Hyperaspidius tristis

Scientific classification
- Kingdom: Animalia
- Phylum: Arthropoda
- Class: Insecta
- Order: Coleoptera
- Suborder: Polyphaga
- Infraorder: Cucujiformia
- Family: Coccinellidae
- Genus: Hyperaspidius
- Species: H. tristis
- Binomial name: Hyperaspidius tristis (LeConte, 1880)
- Synonyms: Hyperaspis tristis LeConte, 1880; Hyperaspidius conspiratus Casey, 1899;

= Hyperaspidius tristis =

- Genus: Hyperaspidius
- Species: tristis
- Authority: (LeConte, 1880)
- Synonyms: Hyperaspis tristis LeConte, 1880, Hyperaspidius conspiratus Casey, 1899

Species of beetle

Hyperaspidius tristis is a species of lady beetle in the family Coccinellidae.
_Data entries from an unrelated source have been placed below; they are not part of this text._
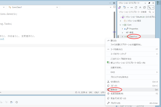 自動的に作成された『Class1.cs』を削除します。
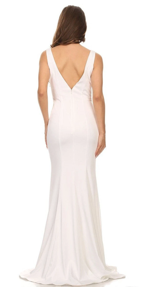 Mermaid silhouette floor length prom dress with plunging v-neckline, sheer inset and V-shape open back. Stunning off white stretchy satin formal dress. Short version available.
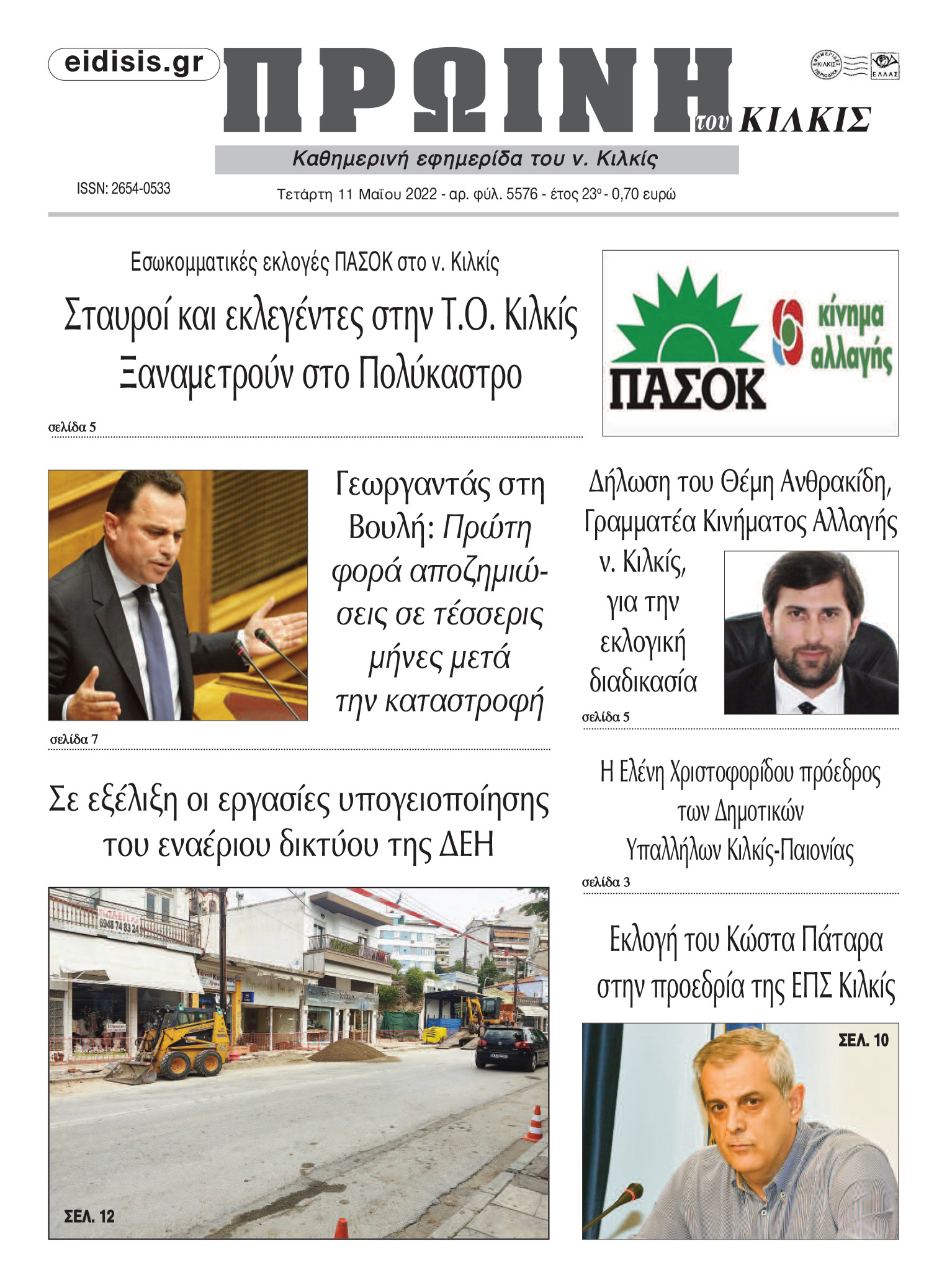 Διαβάστε το νέο πρωτοσέλιδο της Πρωινής του Κιλκίς, μοναδικής καθημερινής εφημερίδας του ν. Κιλκίς (11-5-2022)
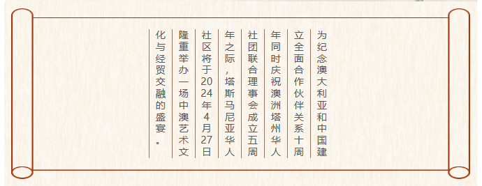 为纪念澳大利亚和中国建立全面合作伙伴关系十周年,同时庆祝澳洲塔州华人社团联合理事会成立五周年,塔斯马尼亚华人社区将于2024年4月27日隆重举办一场中澳艺术文化与经贸交融的盛宴。
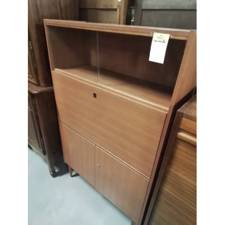 • SECRÉTAIRE VITRÉ ANNÉES 60 BOIS CLAIR 4 PORTES
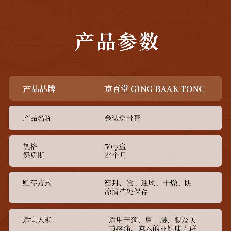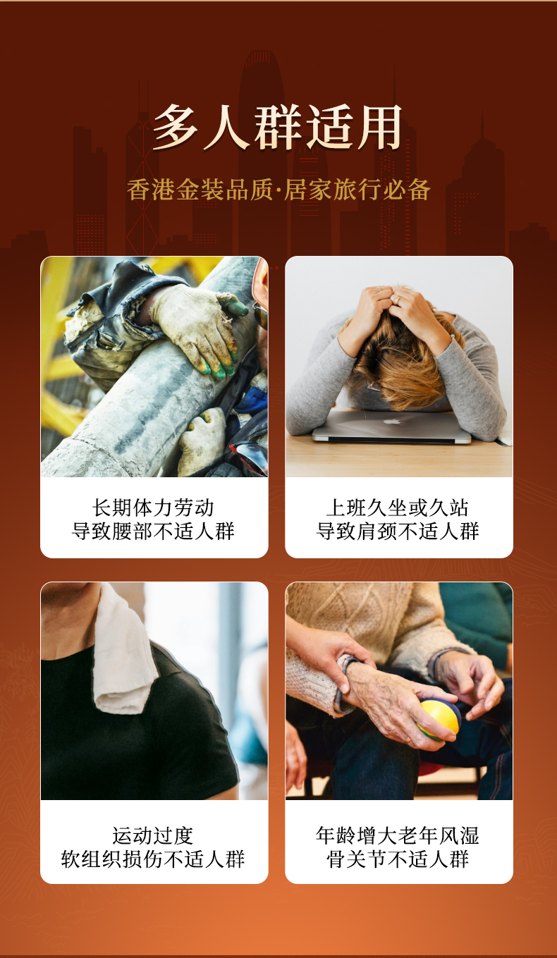 長(zhǎng)期體力勞動(dòng)導(dǎo)致腰部不適人群,上班久坐或久站導(dǎo)致肩頸不適人群,運(yùn)動(dòng)過度軟組織損傷不適人群,年齡增大老年風(fēng)濕骨關(guān)節(jié)不適人群統(tǒng)統(tǒng)都可以適用香港京百堂透骨膏!香港金裝品質(zhì),居家旅行必備
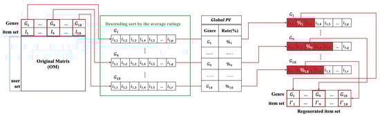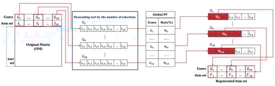 In Figure 4, for the matrix regeneration, we first classify the items by genre in the OM. Thereafter, we reconstruct the items in the OM based on . For example, suppose that there are 100 items in classified from the OM. Assume that the ratio of in is 10%. Based on this ratio, we extract 10, which is 10% of the total of 100 items in of the OM. We apply this to , and, subsequently, the items to which the genre ratio of is applied are extracted from the OM.
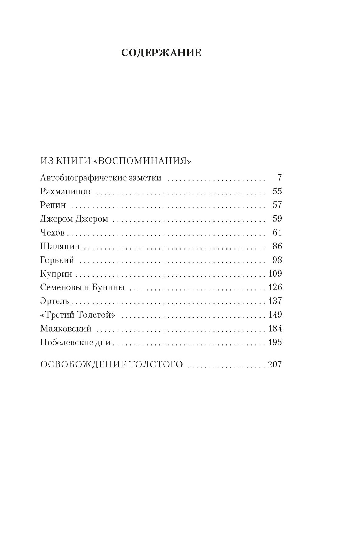 Иван Алексеевич Бунин — поэт и прозаик, первый из русских писателей, удостоенный Нобелевской премии (1933). Его произведения переведены на многие языки мира и навсегда вписаны в золотой фонд мировой литературы. Революция 1917 года заставила Бунина покинуть родину, но память о безвозвратно утраченной России, о людях, с которыми его сводила судьба, стала опорой для всего его дальнейшего творчества. Книга «Воспоминания» увидела свет в 1950 году в Париже, однако первые главы были написаны значительно раньше. Репин, Рахманинов, Чехов, Куприн, Шаляпин — здесь воссозданы портреты тех, с кем Бунин был хорошо знаком. В советской России книгу невозможно было прочесть целиком вплоть до Перестройки, даже в собраниях сочинений писателя из нее изымались фрагменты и главы, где Бунин резко отрицательно, язвительно отзывался о коллегах по цеху, оказавшихся на стороне большевиков: о Горьком, Маяковском, Блоке, Есенине, «Толстом Третьем». В настоящем издании эти пропуски восстановлены по прижизненному изданию. Воспоминания о Л. Н. Толстом, перед которым Бунин всю жизнь благоговел, переросли в эссе «Освобождение Толстого».
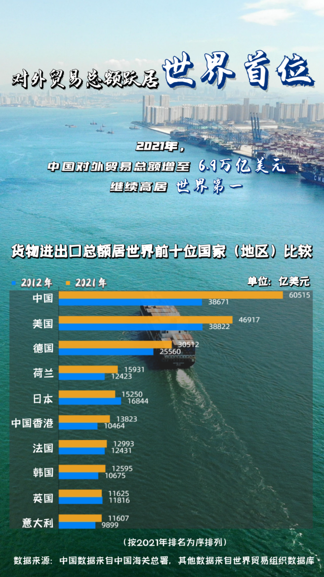 2020年中國對外貿易總額由2012年的4.4萬(wan) 億(yi) 美元升至5.3萬(wan) 億(yi) 美元,首超美國成為(wei) 全球第一大貿易國。2021年,中國對外貿易總額加快上升增至6.9萬(wan) 億(yi) 美元,繼續高居世界第一。在經濟全球化頻遭單邊主義(yi) 、保護主義(yi) 等“逆流”襲擾的曆史當口,中國從(cong) 融入和適應全球化走向推動和引領全球化,積極倡導建設開放型世界經濟,推動經濟全球化朝著更加開放、包容、普惠、平衡、共贏方向發展。目前,中國已成為(wei) 140多個(ge) 國家和地區的主要貿易夥(huo) 伴,形成更大範圍、更寬領域、更深層次對外開放格局。
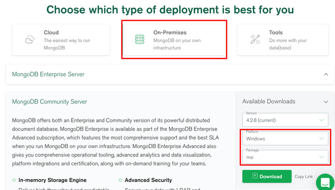 2. 링크로 가셔서, On-Premises 탭 클릭 > MongoDB Community Server 를 클릭하시고 다음 사항을 선택한 뒤 다운로드합니다.

It is found in North America, where it has been recorded from California.

==Description==
Adults reach a length of about 1.60–2 mm. The head of the males is brown or yellowish brown, while females have a dark brown head. The pronotum of both males and females is dark brown with a yellow or yellowish brown lateral margin. The elytron is dark brown with a yellow lateral margin and apical yellow spot.